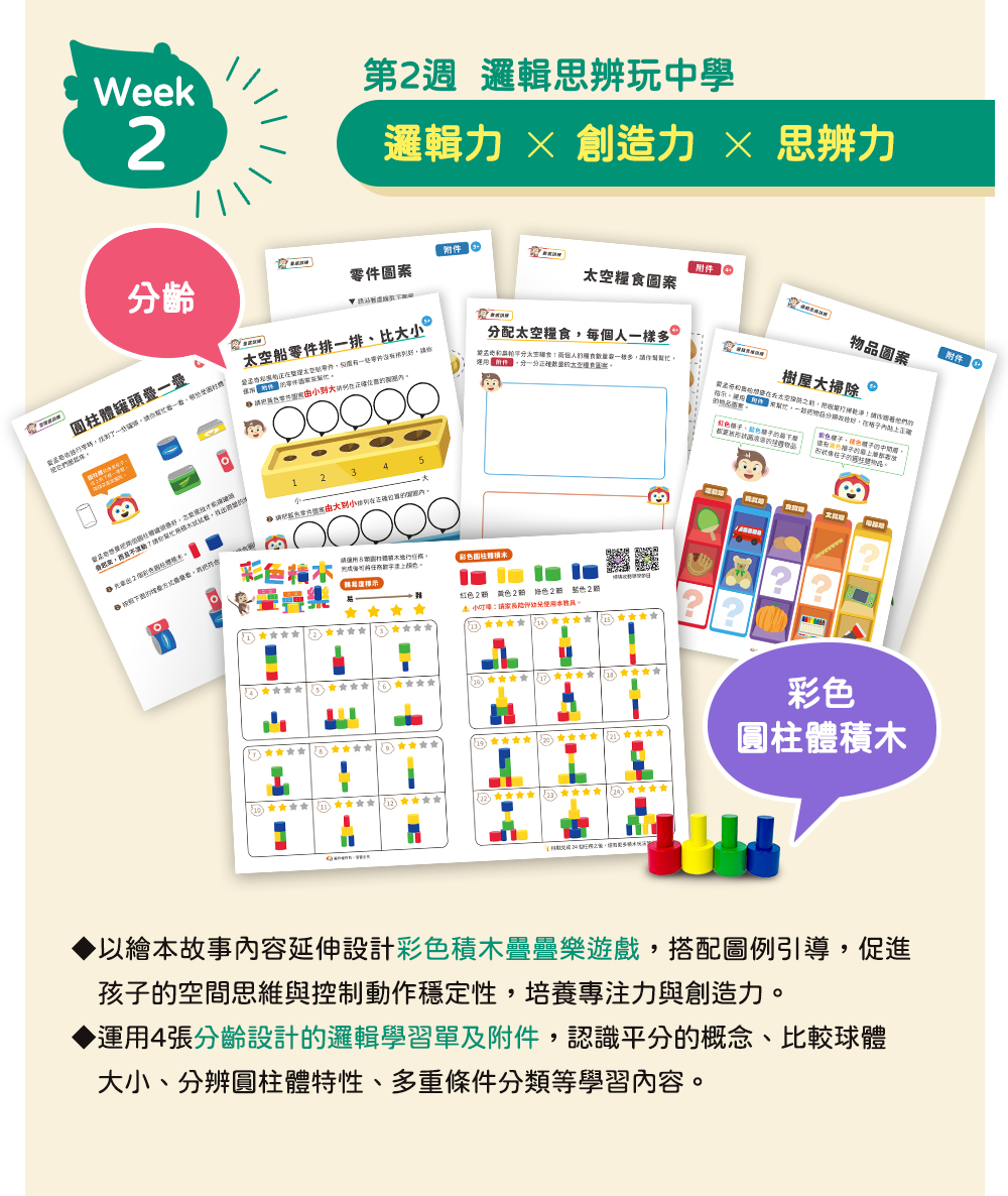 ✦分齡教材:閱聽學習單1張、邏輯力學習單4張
--
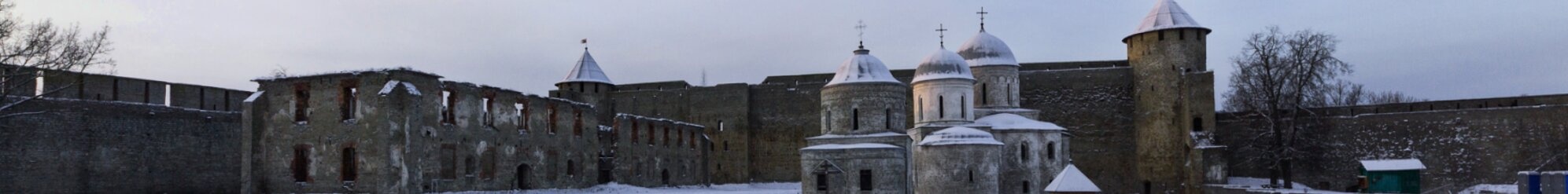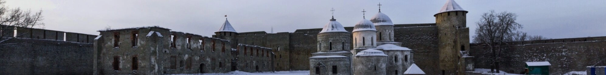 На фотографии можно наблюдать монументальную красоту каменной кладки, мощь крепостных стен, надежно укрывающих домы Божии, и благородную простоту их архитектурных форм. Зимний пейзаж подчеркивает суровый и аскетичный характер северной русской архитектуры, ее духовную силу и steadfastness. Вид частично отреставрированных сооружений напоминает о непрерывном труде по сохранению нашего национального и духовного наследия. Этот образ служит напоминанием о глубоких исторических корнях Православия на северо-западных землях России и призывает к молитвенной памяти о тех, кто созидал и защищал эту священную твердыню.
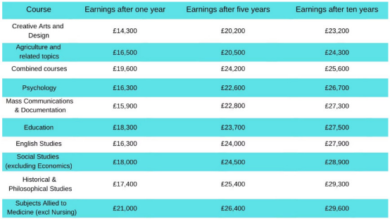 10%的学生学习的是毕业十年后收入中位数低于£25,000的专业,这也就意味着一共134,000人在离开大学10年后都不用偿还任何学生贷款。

ACTIVITY:
From the records above, copy exactly the stretch from the line holding "На фотографии можно" through the line holding "10%的学生学习的是毕业十年", both ends included, without the pictures.

OUTPUT BELOW:
 На фотографии можно наблюдать монументальную красоту каменной кладки, мощь крепостных стен, надежно укрывающих домы Божии, и благородную простоту их архитектурных форм. Зимний пейзаж подчеркивает суровый и аскетичный характер северной русской архитектуры, ее духовную силу и steadfastness. Вид частично отреставрированных сооружений напоминает о непрерывном труде по сохранению нашего национального и духовного наследия. Этот образ служит напоминанием о глубоких исторических корнях Православия на северо-западных землях России и призывает к молитвенной памяти о тех, кто созидал и защищал эту священную твердыню.
 10%的学生学习的是毕业十年后收入中位数低于£25,000的专业,这也就意味着一共134,000人在离开大学10年后都不用偿还任何学生贷款。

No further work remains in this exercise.